American chef (born 1979)

Viet Pham is a chef and a previous winner of Iron Chef America.

==Early life==
Pham was born in a Malaysian refugee camp in 1979. His parents are Vietnamese and fled the country during the Vietnam War. The family moved to the United States when he was five months old and has lived in the U.S. ever since.
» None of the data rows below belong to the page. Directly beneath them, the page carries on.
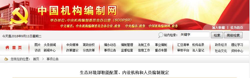 生態(tài)環(huán)境部職能配置、內(nèi)設(shè)機(jī)構(gòu)和人員編制規(guī)定
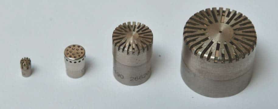 Mikrofonkapseln in vier Standardgrößen mit 1/8", 1/4", 1/2" und 1" Durchmesser
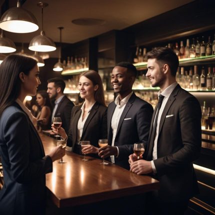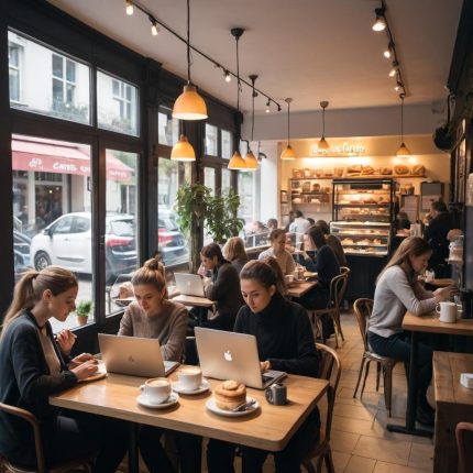 A barista making pour-over coffee in a trendy cafe with industrial decor

Pham was teased often as a young child, and has said that he began to "resent being Asian" because of this bullying. He often avoided traditional Asian food while growing up, opting for McDonald's hamburgers, because he thought "if I could eat American food, it would make me feel more American.”

==Career==
Pham attended culinary school in San Francisco but began his career in software. His first chef job was at Casey's Irish Pub Downtown where he was hired in 2006 upon graduating from Le Cordon Bleu. After working in San Francisco, owner Blake Ballard convinced Chef Pham to join Spark Restaurant and Lounge in Provo, Utah. In 2009, Pham opened his own restaurant, Forage, in Utah with co-Chef Bowman Brown. In 2011 Pham received the Best New Chef Award from Food & Wine Magazine. In 2012, Pham was an Iron Chef America winner by beating Chef Bobby Flay. He also appeared on the second season of Extreme Chef. In 2018, he faced off against Chef Bobby Flay again on Beat Bobby Flay, securing a second victory against him.

In 2016 Forage closed, with Pham and Brown parting ways. Pham's next project was the fast-casual fried chicken restaurant, Pretty Bird Hot Chicken. Starting in downtown Salt Lake City, the Pretty Bird brand has expanded to four locations as of the end of 2022. These include the original downtown location as well as Sugar House, Midvale, and Park City.